TH: Our plan is to be in San Fran.
SW: For the duration?
TH: Yup, which is good.
SW: What do you know about working these boats up that you didn’t know five months ago?
TH: I think you know certain things that are showstoppers. With the wing, there are certain things that if you see a dimple here or a crease there you know that you can keep sailing or know that you have to stop. There are certain systems on our boat that we know if we hear noises we know, “No, that’s OK.” Or actually we have to stop. Those are daggerboard systems and things like that.
In some ways the boats are quite simple, and yet they’re very complicated.
There are really a few elements of the boats: there are the bulkheads, the boards, the beams, and the wing, which is really no different than a monohull.
When you do the Version 5 boat, you load test the thing on the dock. When you do the multihull, you have the thing on the mooring, and you load test it on the mooring. Everything signs off, and you go sailing.
SW: Do you have strain alarms on these boats? Do you get used to those sounds?
TH: Ours are visual. It’s a green, yellow, and red. When you get amber, that’s when you know you have to unload the boat a little bit.
SW: How have you balanced your time between the AC72 and the AC45 over the past few months?
TH: At the end of the July we moved 100 people from Europe to San Francisco. So the month of August was set up to get ourselves moved continents. We trained for seven days prior to the first regatta, then did the regatta, since then we’ve had the 72 show up, and the guys have been working on it. But we’ve also been sailing. It’s one of those where you try to balance all of those and do the best you can with all of it. It’s not a perfect situation.

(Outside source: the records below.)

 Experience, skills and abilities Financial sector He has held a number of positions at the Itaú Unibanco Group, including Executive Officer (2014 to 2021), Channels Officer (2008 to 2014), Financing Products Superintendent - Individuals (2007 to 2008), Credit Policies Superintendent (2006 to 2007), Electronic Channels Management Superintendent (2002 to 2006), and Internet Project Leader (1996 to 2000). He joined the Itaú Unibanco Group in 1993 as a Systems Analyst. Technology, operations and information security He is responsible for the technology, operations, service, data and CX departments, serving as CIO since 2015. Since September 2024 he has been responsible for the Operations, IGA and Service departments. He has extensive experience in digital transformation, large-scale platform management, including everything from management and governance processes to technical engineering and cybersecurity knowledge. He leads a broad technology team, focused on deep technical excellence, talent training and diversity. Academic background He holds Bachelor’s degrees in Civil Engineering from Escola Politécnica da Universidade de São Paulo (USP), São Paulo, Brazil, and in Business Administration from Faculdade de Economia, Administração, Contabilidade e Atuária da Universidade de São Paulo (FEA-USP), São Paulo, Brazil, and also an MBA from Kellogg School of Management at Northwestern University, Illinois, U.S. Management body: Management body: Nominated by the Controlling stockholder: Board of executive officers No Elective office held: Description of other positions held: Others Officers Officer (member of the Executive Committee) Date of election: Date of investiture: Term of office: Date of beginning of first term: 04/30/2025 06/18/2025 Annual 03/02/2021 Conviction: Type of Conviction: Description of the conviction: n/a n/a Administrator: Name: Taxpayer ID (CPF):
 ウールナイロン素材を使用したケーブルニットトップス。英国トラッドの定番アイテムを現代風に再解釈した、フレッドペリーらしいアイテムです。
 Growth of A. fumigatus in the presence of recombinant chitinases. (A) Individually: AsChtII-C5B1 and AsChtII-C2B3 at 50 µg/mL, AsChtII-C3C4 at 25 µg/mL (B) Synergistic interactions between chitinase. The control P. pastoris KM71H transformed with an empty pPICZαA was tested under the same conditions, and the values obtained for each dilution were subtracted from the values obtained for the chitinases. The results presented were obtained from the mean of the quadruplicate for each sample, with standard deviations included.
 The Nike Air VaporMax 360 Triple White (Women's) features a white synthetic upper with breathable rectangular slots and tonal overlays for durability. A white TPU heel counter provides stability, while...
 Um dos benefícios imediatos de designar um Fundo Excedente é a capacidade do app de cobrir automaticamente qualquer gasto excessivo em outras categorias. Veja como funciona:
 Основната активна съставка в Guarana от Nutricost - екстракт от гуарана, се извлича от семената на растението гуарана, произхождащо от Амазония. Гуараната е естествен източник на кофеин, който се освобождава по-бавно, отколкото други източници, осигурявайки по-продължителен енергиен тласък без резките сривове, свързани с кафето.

SW: Between the 45 and the 72?
TH: Yeah. You’d like to do them both better.
SW: But only one can win you the America’s Cup?
**SW: Artemis recently brought on board Nathan Outteridge. **
TH: It’s really, really good. I didn’t know Nathan before. But in a very short period of time we had two successful Olympians come into our team with Perce and Nathan. It’s a really good opportunity for all of us. Clearly, Nathan with the Korean team had shown a really good ability in the fleet race to be smart and fast. He did a lot with a little there. So we’re hoping he can bring some of that to us. Our match racing has been really good but our fleet racing has been sub-standard. Having him here, and having Perce here, we have another really good opportunity to improve our team. And it’s also one of those that it would be irresponsible for the team to not have a suitable back up to my role.

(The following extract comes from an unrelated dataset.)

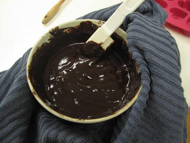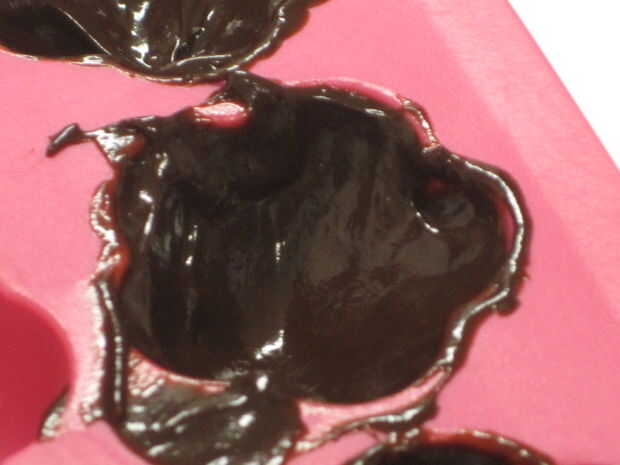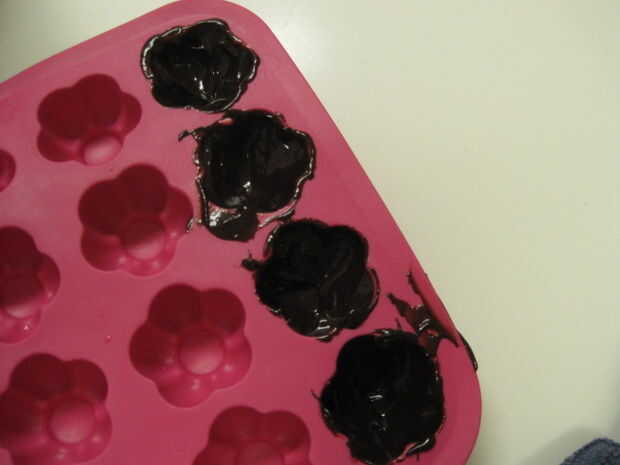 Ahora que todos nuestros chocolates es líquido, podemos aplicar una pequeña capa de la misma a las paredes del molde como en las fotos. Esto creará un espacio para poner nuestro coulis.

SW: Do you guys have a feel for the positions in the 72?
TH: It’s too early for us to do that because we haven’t been sailing on the boat. Everybody knows where they're roughly going to be. But the one thing about these boats is everybody on the boat is a jack of all trades sailor. Everybody is good to be able to cover their job and the job of the guy on either side of them.

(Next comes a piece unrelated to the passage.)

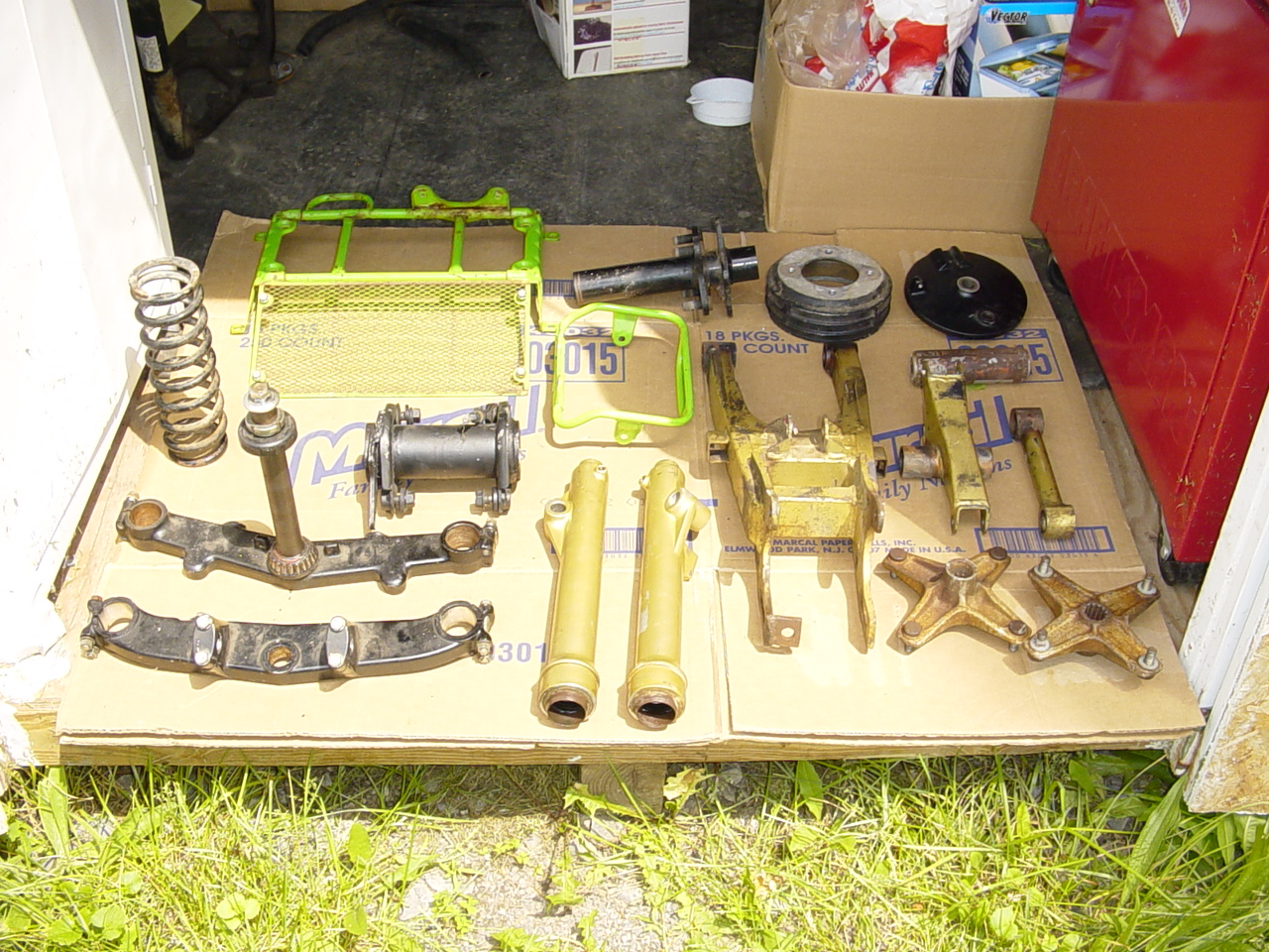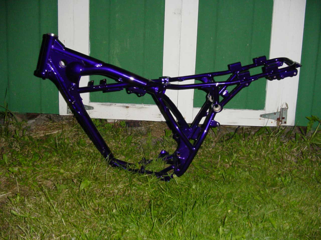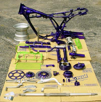 As you can see Im totally torn down. As I write this my Tecate is getting Powdercoated and polished at Sumax here in NY. They mostly work on Harleys but were excited when I told them what I wanted. They do only show quality work. www.sumax.com Ed Note: I believe these are the same people who powdercoat the motorcycle parts on the show "American Chopper" Anyway I should have all those parts in the pics in about a week. Im hoping to have a rolling chassie by September. I dont work due to a busted up back so it takes time to get the cash. By the way for all of those parts in the pics, it only cost me $560.00 Thats 3 colors Califorina Grape, Tecate green with gold flake and chromium with gold flake. This thing is gonna look fast sittin still. Ive lugged this Tecate around for about 8 years and everytime I got it going something went wrong so I said screw you and tore it down for the complete job. Electrical, liquid cooling, top end, and Sumax is trickin out a few engine p! arts with the Grape and polish. All the suspension will be rebuilt as soon as I get my parts back. So far I got about $1200 into her and I need plastic, tires, and some stainless nuts and bolts.I figure around $1500 when finished. Then its up for sale. 8-04-03 Well I got my parts back from Sumax today, and man I allmost lost it. They had everything wrapped up, so all I could see was the frame. I did 80 mph all the way home, and started unwrapping. Holy Hindu! This stuff is show quality. Im liking the color scheme, and in the sun the Tecate green and chrome Powdercoat with that gold flake is Sick. Well I wrapped it all up to go build it so I will give you all a teaser. He He. The frame is Powdercoated Califorina Grape, but I took this pic at night so it looks kinda blue. IT'S ALIVE!!!!!!!!!!!!!!!!!!!!!!!!!!!!!!!!

SW: You still have all of your 30 days of sailing time before Feb. 1. How do you manage using those over the next four months?
TH: As many and as often as we possibly can. We’ll go through a structural test on the boat and get through that, then we’ll start spending long days on the water just doing the best job we can developing in isolation. Which is always the trick. And hopefully we get some opportunities in there to go sailing with the defender. If we can get that, that gives both teams a good opportunity to test their gear against each other and make improvements. But that’s a long way off. Both teams need to be in a position to take some of that on. We have a couple of big fish to fry with our boat.
SW: A couple of months ago you expressed a level of anxiety about sailing this boat given the power, the wind in San Francisco, etc. Is that still there?
TH: I’m looking forward to it. Part of that comes out of just getting comfortable sailing in San Francisco Bay. We’ve had some great training over the past month and really good opportunities there. So developing comfort in the venue and the breezy conditions has been really, really good.
Just one thing [regarding any joint training] between us and Oracle. It would be disrespectful to them to imply that we’ve got anything lined up, because we don’t.